Никто не выпил и не проронил ни слова – все сидели, подавленные речью фельдшера.
Вдруг, среди общего оцепенения, Татьяна встала из-за стола и, обращаясь ко всем, произнесла:
– Пойдемте со мной.
В ее голосе, помимо присущей мягкости, чувствовалась решимость, заставившая всех, молча переглянувшись, встать и последовать за ней.
Шурша по траве своим длинным голубым платьем, Татьяна направилась мимо дома, через редкие кусты орешника к опушке ближнего леса. Все шли за ней молча.
Было уже совсем светло, как днем, восток алел с каждой минутой все сильнее; в гулком старом лесу перекликались птицы. Орешник быстро кончился, и впереди на гладкой выкошенной опушке показались изба с сараем и скотным двором. В этой избе и жили прислуживающие лесничему сестры Полина и Агафья. Полина была молодой вдовой, год назад пережившая смерть мужа, Агафья уж пять лет была замужем за конюхом Гаврилой.
Большая черная собака, лежащая у завалинки, почуя идущих, тут же вскочила на ноги, но, завидя Таню и Куницына, побежала им навстречу, приветливо виляя хвостом.
Татьяна подошла к крыльцу и оглянулась, подождав, когда все подойдут, затем, обведя всех быстрым взглядом, она взяла Клюгина за руку и ступила на крыльцо, проговорив:
– Только тихо, пожалуйста.
Клюгин и остальные двинулись за ней. Миновав темные сени, они вошли в избу. Внутри все было, как и должно быть: слева два небольших окошка, обеденный стол с лавками, справа большая русская печь, чуть поодаль – два сундука и лежанка.
Приложив палец к губам и не выпуская руки Клюгина, Татьяна тихо подвела его к лежанке.
Все последовали за ней и остановились в двух шагах.

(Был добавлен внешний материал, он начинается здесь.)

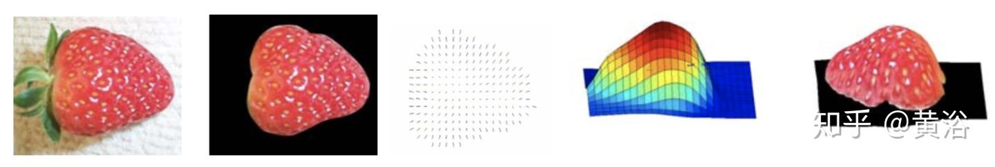 中间第三图是表面法向图,第四个才是深度图。纹理分割是必备的基础(估计是很难的一部分),此外求解这个shape from texture的优化问题,必须加上几个纹理元素(textels)约束条件:homogeneity,isotropy,stationary。
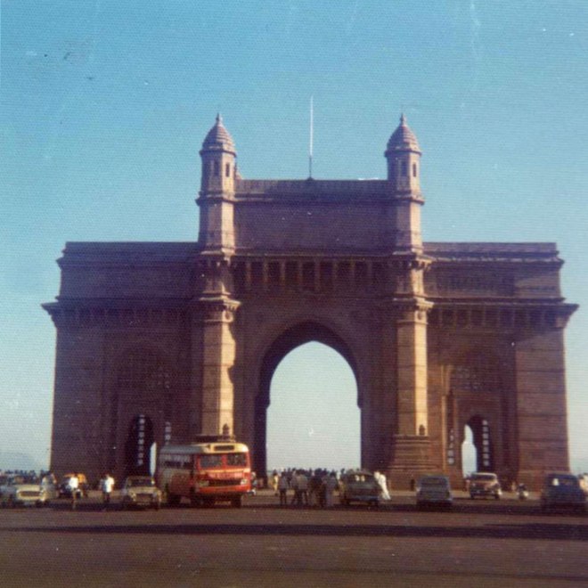 We are totally exhausted from the journey by the time we reach Bombay the following evening. Stepping out onto the platform was like hitting a wall – the air was so thick I could taste it on my tongue. Delhi had been dry and comfortably warm during the day though bitterly cold at night. Here the climate is typical tropical with monsoon rains and extreme heat and humidity. We find a cheap hotel (Carlton) near to the Gateway to India (below) and close to the Hotel Ritz, but certainly not of the same calibre. In the high-ceiling box room the blades of the ceiling fans spin lackadaisically, supposedly cooling us, the occupants, but not the air itself. I can’t say they kept me cool and the clack-clacking noise would have disturbed my sleep had I not been so bone-tired.
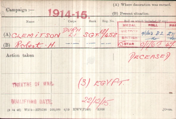 Robert Homer Clemitson, 1881-1919, from "branch 1" of the family, was a Pattern Maker by trade. In 1909 he emigrated to New Zealand, returning to Britain for a visit in July 1914. However, the Great War was just about to break out, and he enlisted in the 18th Pals Regiment in the Durham Light Infantry, serving in Egypt & France.
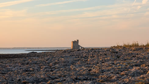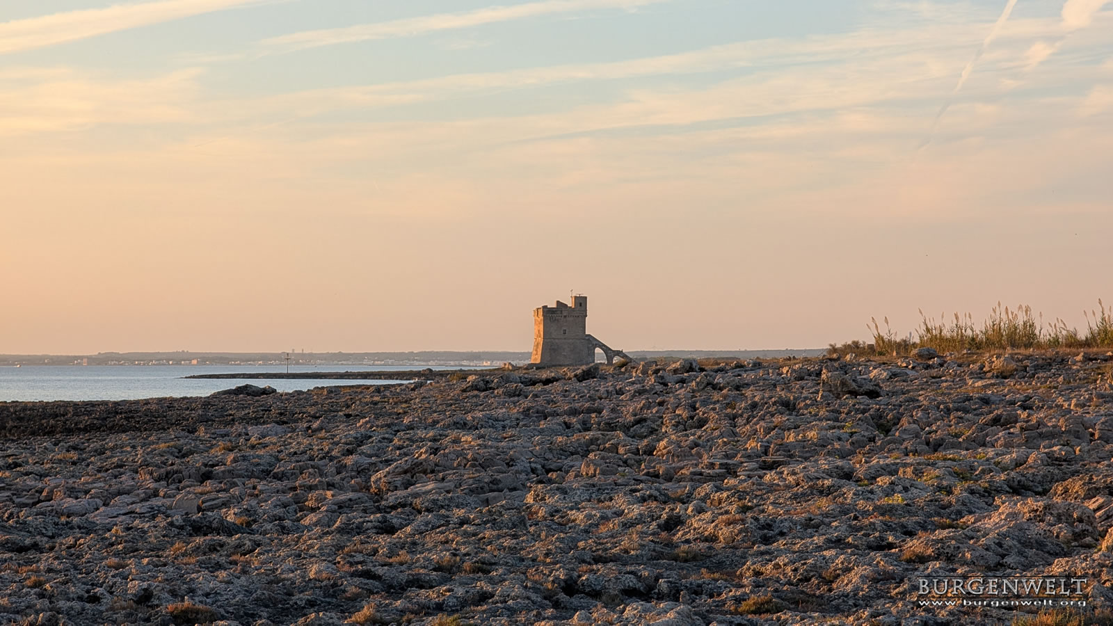 Der Turm liegt auf der Landzunge südlich des Hafens.
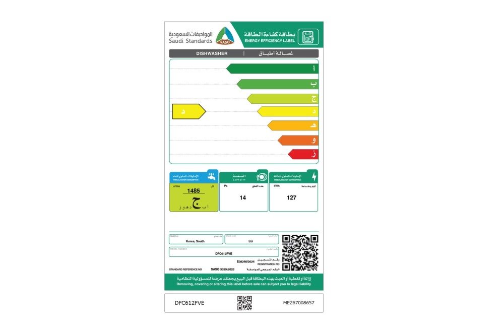 غسالة صحون ال جي 5 برامج / 14 مكان – فضي

Перед ними на большой медвежьей шкуре, застланной домотканой простыней, спали четверо детей. Широкое лоскутное одеяло, из-за жары скомканное ими, покрывало лишь их ножки, а сами они лежали голые, вплотную друг к дружке, перепутавшись ручками, ножками и нательными крестиками. Все четверо были русыми, с гладкими, словно трепаный лен, волосами, и, по всей вероятности, были погодками: старшему на вид было лет пять, самому маленькому – года два.